Getting Started: Try It in 5 Minutes

# Install globally
npm install -g proofshot
proofshot install

# Clone the repo for sample apps
git clone https://github.com/AmElmo/proofshot.git
cd proofshot
npm install && npm run build && npm link

# Set up sample app
cd test/fixtures/sample-app
npm install

Then open your AI agent in the test/fixtures/sample-app/ directory and prompt:

Verify the sample app with proofshot. Start on the homepage, check the hero section, navigate to the Dashboard and check the metrics, then go to Settings and update the profile name. Screenshot each page.

Or run without an agent:

bash test-proofshot.sh

Check proofshot-artifacts/ for the generated video, screenshots, and report.

Who Should Use This (and Who Shouldn’t)

Use ProofShot if:

  • You’re using AI coding agents for UI/frontend work and tired of manually checking every change
  • Your team wants visual proof in PR reviews, not just code diffs
  • You’re iterating rapidly with AI agents and need a fast verification loop
  • You want automated error detection across multiple backend languages

Skip it if:

  • You’re not doing UI work (backend-only codebases won’t benefit much)
  • You need pixel-perfect visual testing (dedicated tools like Percy or Chromatic are more mature)
  • You’re working on mobile-native apps (browser-only for now)

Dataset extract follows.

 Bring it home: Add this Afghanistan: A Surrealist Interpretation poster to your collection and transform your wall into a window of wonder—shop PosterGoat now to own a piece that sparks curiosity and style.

Comparison with Alternatives

ToolFocusAI Agent IntegrationLocal/CloudPR Integration
ProofShotAI agent UI verificationBuilt-in skill systemLocal onlyGitHub via proofshot pr
PlaywrightE2E testingManual scriptingLocalVia CI
PercyVisual regressionNo AI integrationCloudGitHub/GitLab
ChromaticStorybook visual testingNo AI integrationCloudGitHub
MeticulousAI-generated E2E testsGenerates tests, doesn’t verify agent workCloudGitHub

ProofShot occupies a unique niche: it’s not a testing framework, it’s a verification layer specifically for AI coding agents. The skill system and self-contained artifacts make it practical for the “agent builds, human reviews” workflow that most teams actually use.

FAQ

Does ProofShot work with any AI coding agent?

Yes — any agent that can execute shell commands can use ProofShot. The proofshot install command has built-in support for Claude Code, Cursor, Codex, Gemini CLI, Windsurf, and GitHub Copilot, but the CLI itself is agent-agnostic.

Does it require a cloud service or API key?

No. ProofShot is fully local. No cloud dependency, no vendor lock-in. Artifacts stay on your machine. The only external integration is optional GitHub PR uploads via the gh CLI.

How much overhead does it add?

ProofShot runs a headless Chromium instance via agent-browser alongside your dev server. On a modern machine with 16GB+ RAM, the overhead is minimal. The video recording and screenshot capture run asynchronously.

Can I use it for visual regression testing in CI?

The proofshot diff command supports baseline comparisons, but ProofShot is primarily designed for developer-time verification, not CI pipelines. For production visual regression testing, tools like Percy or Chromatic are more battle-tested.

What about mobile viewport testing?

Currently browser-only with desktop viewports. Mobile viewport simulation could be added via Chromium’s device emulation, but it’s not built-in yet.

Is the video recording resource-intensive?

The .webm recording uses efficient browser-native capture. Session videos are typically 5-20MB depending on length. The self-contained viewer.html file adds minimal overhead since it embeds the video reference rather than the video itself.